Chapter 5 Get existing data

There are multiple ways you can get data into R. In this chapter we introduce different strategies for getting data into R from a variety of political data sources. First, we look at data included in packages. Second, we show how you can find datasets online and introduce a resource with a lot of links to political datasets. Third, we introduce a series of different packages that makes it easy to get data into R.

Throughout the chapter we will use the tidyverse package so make sure to load this.

library("tidyverse")

5.1 Using data from data packages

A lot of the packages we are working with, including packages in the tidyverse, include datasets. To illustrate this, we will be using the package poliscidata.8 The first thing we will need to do is to install the package.

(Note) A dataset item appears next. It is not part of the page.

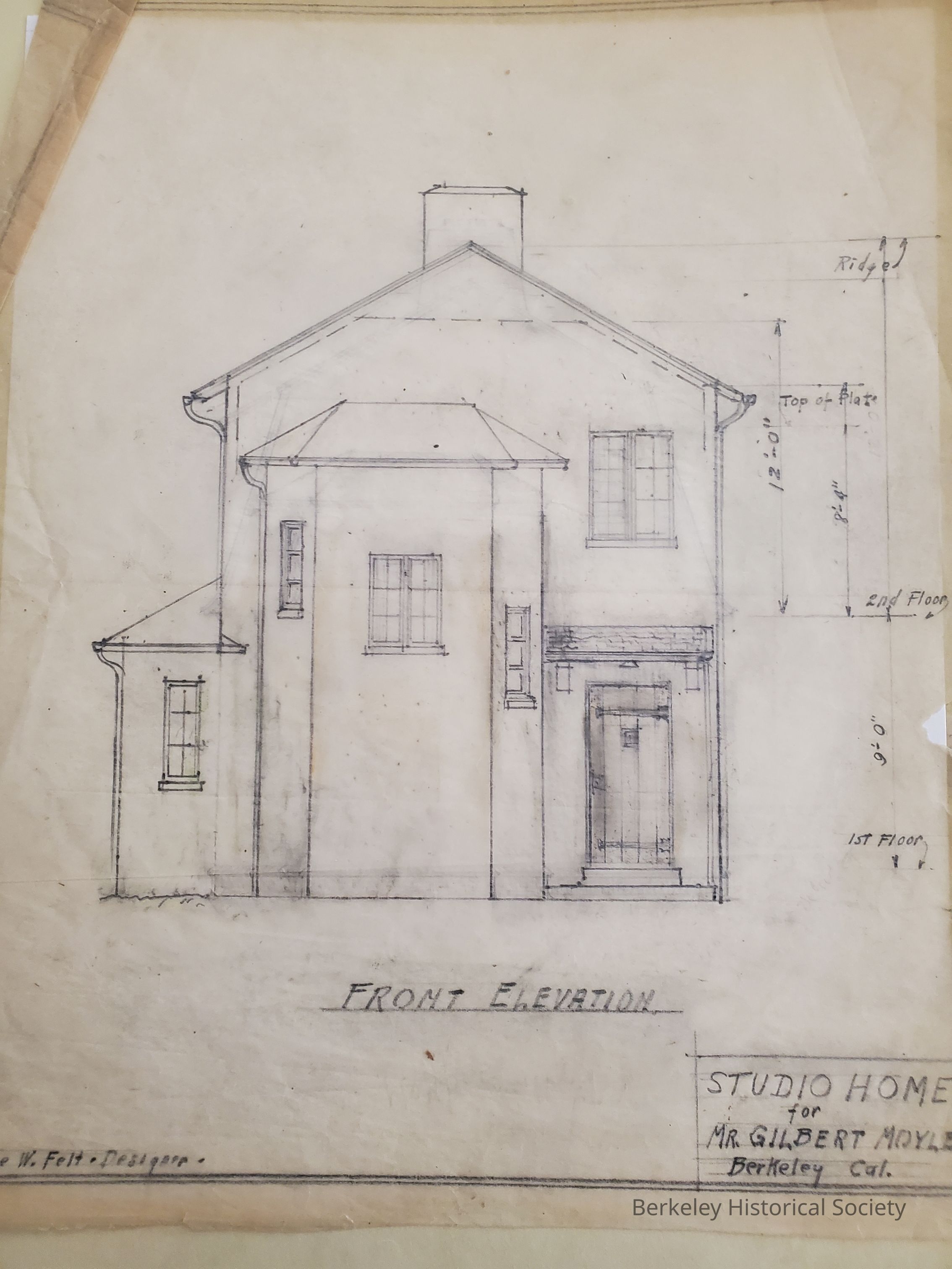 Drawings (3), architectural: Moyle Studio House; plans elevations, tracing paper, pencil on flimsy,Lee w. Felt, designer, at 1584 Hawthorne Terrace. Front elevation, first and second floor plans.

install.packages("poliscidata")

Next, we will need to load the package with library().

library("poliscidata")

There are multiple datasets in the poliscidata package. We will focus on the dataset states, a dataset with variables about the 50 states in the United States. We use the function names() to get a list of all variables in the data frame states (it takes up a lot of space but gives an indication of the variety of variables in the data frame).

names(states)
##   [1] "abort_rank3"       "abortion_rank12"   "adv_or_more"       "ba_or_more"        "cig_tax12"        
##   [6] "cig_tax12_3"       "conserv_advantage" "conserv_public"    "dem_advantage"     "govt_worker"      
##  [11] "gun_rank3"         "gun_rank11"        "gun_scale11"       "hr_cons_rank11"    "hr_conserv11"     
##  [16] "hr_lib_rank11"     "hr_liberal11"      "hs_or_more"        "obama2012"         "obama_win12"      
##  [21] "pop2000"           "pop2010"           "pop2010_hun_thou"  "popchng0010"       "popchngpct"       
##  [26] "pot_policy"        "prochoice"         "prolife"           "relig_cath"        "relig_prot"       
##  [31] "relig_high"        "relig_low"         "religiosity3"      "romney2012"        "smokers12"        
##  [36] "stateid"           "to_0812"           "uninsured_pct"     "abort_rate05"      "abort_rate08"     
##  [41] "abortlaw3"         "abortlaw10"        "alcohol"           "attend_pct"        "battle04"         
##  [46] "blkleg"            "blkpct04"          "blkpct08"          "blkpct10"          "bush00"           
##  [51] "bush04"            "carfatal"          "carfatal07"        "cig_tax"           "cig_tax_3"        
##  [56] "cigarettes"        "college"           "conpct_m"          "cons_hr06"         "cons_hr09"        
##  [61] "cook_index"        "cook_index3"       "defexpen"          "demhr11"           "dem_hr09"         
##  [66] "demnat06"          "dempct_m"          "demstate06"        "demstate09"        "demstate13"       
##  [71] "density"           "division"          "earmarks_pcap"     "evm"               "evo"              
##  [76] "evo2012"           "evr2012"           "gay_policy"        "gay_policy2"       "gay_policy_con"   
##  [81] "gay_support"       "gay_support3"      "gb_win00"          "gb_win04"          "gore00"           
##  [86] "gun_check"         "gun_dealer"        "gun_murder10"      "gun_rank_rev"      "gunlaw_rank"      
##  [91] "gunlaw_rank3_rev"  "gunlaw_scale"      "hispanic04"        "hispanic08"        "hispanic10"       
##  [96] "indpct_m"          "kerry04"           "libpct_m"          "mccain08"          "modpct_m"         
## [101] "nader00"           "obama08"           "obama_win08"       "over64"            "permit"           
## [106] "pop_18_24"         "pop_18_24_10"      "prcapinc"          "region"            "relig_import"     
## [111] "religiosity"       "reppct_m"          "rtw"               "secularism"        "secularism3"      
## [116] "seniority_sen2"    "south"             "state"             "to_0004"           "to_0408"          
## [121] "trnout00"          "trnout04"          "unemploy"          "union04"           "union07"          
## [126] "union10"           "urban"             "vep00_turnout"     "vep04_turnout"     "vep08_turnout"    
## [131] "vep12_turnout"     "womleg_2007"       "womleg_2010"       "womleg_2011"       "womleg_2015"      
## [136] "cig_taxes"         "cig_taxes_cat"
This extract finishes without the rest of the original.